Research output: Contribution to journalArticle

37 Citations (Scopus)

Abstract

Differences in general cognitive ability (intelligence) account for approximately half of the variation in any large battery of cognitive tests and are predictive of important life events including health. Genome-wide analyses of common single-nucleotide polymorphisms indicate that they jointly tag between a quarter and a half of the variance in intelligence. However, no single polymorphism has been reliably associated with variation in intelligence. It remains possible that these many small effects might be aggregated in networks of functionally linked genes. Here, we tested a network of 1461 genes in the postsynaptic density and associated complexes for an enriched association with intelligence. These were ascertained in 3511 individuals (the Cognitive Ageing Genetics in England and Scotland (CAGES) consortium) phenotyped for general cognitive ability, fluid cognitive ability, crystallised cognitive ability, memory and speed of processing. By analysing the results of a genome wide association study (GWAS) using Gene Set Enrichment Analysis, a significant enrichment was found for fluid cognitive ability for the proteins found in the complexes of N-methyl-D-aspartate receptor complex; P = 0.002. Replication was sought in two additional cohorts (N = 670 and 2062).

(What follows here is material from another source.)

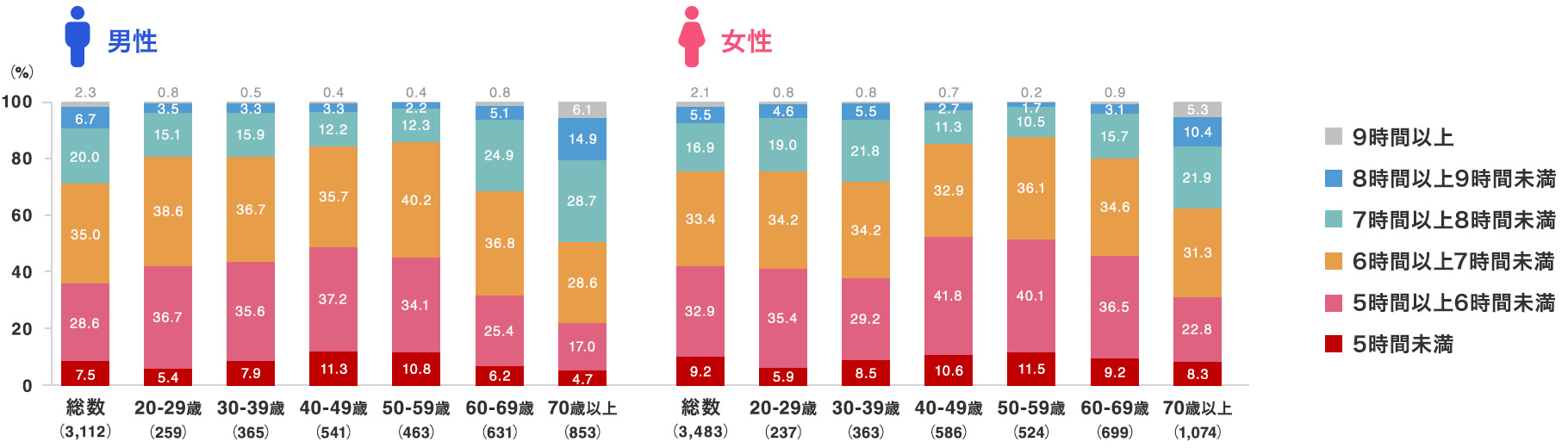 中でも、日本人女性の睡眠が危惧されています。家事や育児の負担が大きく、長い通勤や就業時間も影響して、削るなら睡眠時間しかないというのが実情でしょう。実際、40代〜50代の女性の半数以上が、1日の平均睡眠時間が6時間を切っています。仕事も家庭も忙しい年代、十分な休養がとれていないことが明白です。(厚生労働省 平成29年「2015年 国民健康・栄養調査」より)

A meta-analytic P-value of 0.003 was found when these were combined with the CAGES consortium. The results suggest that genetic variation in the macromolecular machines formed by membrane-associated guanylate kinase (MAGUK) scaffold proteins and their interaction partners contributes to variation in intelligence.

Original languageEnglish
Article numbere341
Pages (from-to)1-8
Number of pages8
JournalTranslational Psychiatry
Volume4
Early online date7 Jan 2014
DOIs
Publication statusPublished - 2014

Keywords

  • GWAS
  • Intelligence
  • NMDA-RC
  • Pathway analysis
  • Synapse

ASJC Scopus subject areas

  • Psychiatry and Mental health
  • Biological Psychiatry
  • Cellular and Molecular Neuroscience
  • Medicine(all)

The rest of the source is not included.